Но впереди была только струнинская заимка.
Впрочем, надо рассказать всё по порядку.
В конце пятидесятых годов я вернулся в родное село.
Мой зять купил тогда в Приленске, нашем райцентре, дом и перевёз туда семью, а мать моя, его тёща, ехать с ними отказалась. Понять её можно: на одном месте прожила всю жизнь. Даже когда замуж выходила, то муж, отец мой, к ней в дом пришёл. Родилась и состарилась она в одних стенах, детей всех рожала и растила здесь, и помереть ей хотелось тоже в своей избе.

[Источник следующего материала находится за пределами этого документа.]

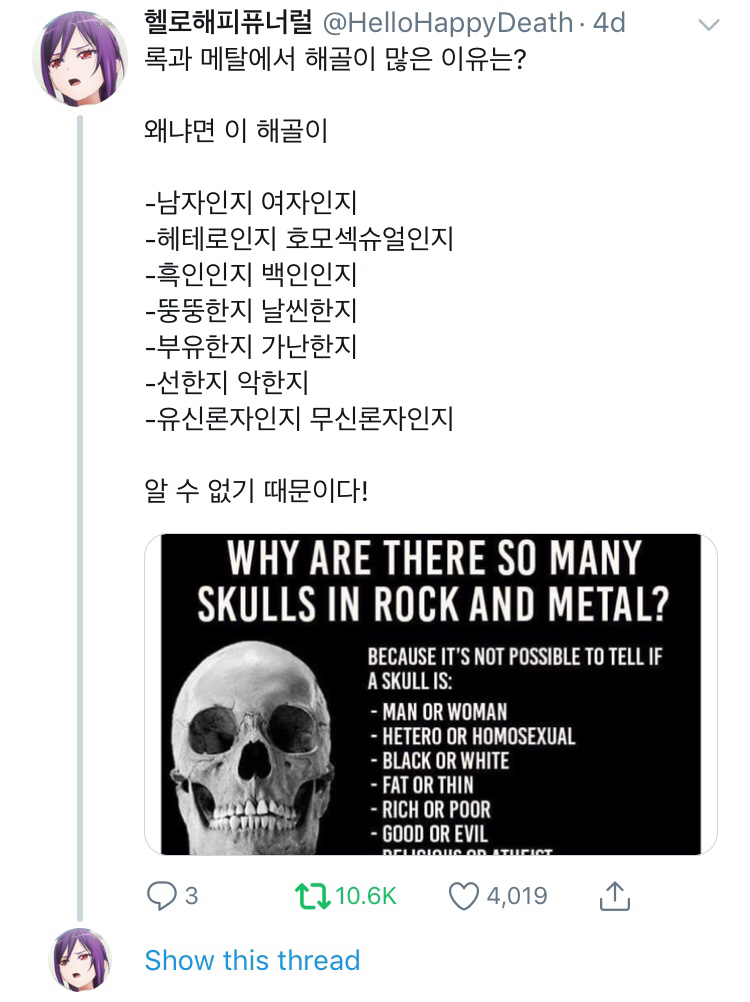 [스크랩] [흥미돋]록 메탈 장르에서 해골이 자주 등장하는 이유 작성자카스 프레쉬|작성시간25.11.25|조회수6,183 목록 댓글 23 글자크기 작게가 글자크기 크게가 미방 헬로해피퓨너럴 on Twitter“록과 메탈에서 해골이 많은 이유는? 왜냐면 이 해골이 -남자인지 여자인지 -헤테로인지 호모섹슈얼인지 -흑인인지 백인인지 -뚱뚱한지 날씬한지 -부유한지 가난한지 -선한지 악한지 -유신론자인지 무신론자인지 알 수 없기 때문이다!”twitter.com 다음검색 스크랩 원문 : 쭉빵카페 현재 게시글 추가 기능 열기 북마크 공유하기 신고 센터로 신고 댓글 댓글 23 댓글쓰기 답글쓰기 댓글 리스트 작성자쭈프 | 작성시간 25.11.25 락붐온🤘 작성자냠냠긋그슿ㄹ | 작성시간 25.11.25 대박 첨알았은스껄~ 작성자가감감 | 작성시간 25.11.25 롹앤롤~ 작성자마이콜 | 작성시간 25.11.25 작성자아무닉네임임 | 작성시간 25.11.26 쿨하다 댓글 전체보기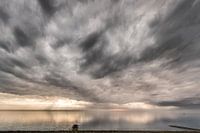 Wolkenlucht boven het IJsselmeer gespiegeld in het stilstaande water nabij Reade Klif aan de kust van Gaasterland in Friesland.

Изба наша старая, срубленная лет сто, а то и больше, назад из отборного листвяка, со временем превратившегося в железо – гвоздь забить – проблема! Крыльцо высокое, о восьми ступенях, с фигурными отводами, скобленными до розоватого света. Сени просторные, гулкие, с деревянными спичками в стенках, на которые когда-то вешалась конская сбруя, а потом всякие тряпки. Сама изба натрое разгорожена филенчатыми заборками, с большой русской печью посредине.
Мама любила избу. Скоблила, подкрашивала, подбеливала, половики стлала свежие, пахнущие стиркой и морозом, и всё искала, как бы ещё прихорошить её. Изба была для неё живым существом. Она даже разговаривала с ней, когда никто не мог слышать.
Всё, что лежало за пределами Харагута, нашего села, представлялось маме непонятным, а может быть, и нереальным, и я никогда не слыхал, чтобы ей вдруг захотелось поглядеть другие края. Самая дальняя её поездка – в Приленск на базар. Но городок ей не нравился, там, как говорила она, даже солнце не так ходит, и вообще суета и скука.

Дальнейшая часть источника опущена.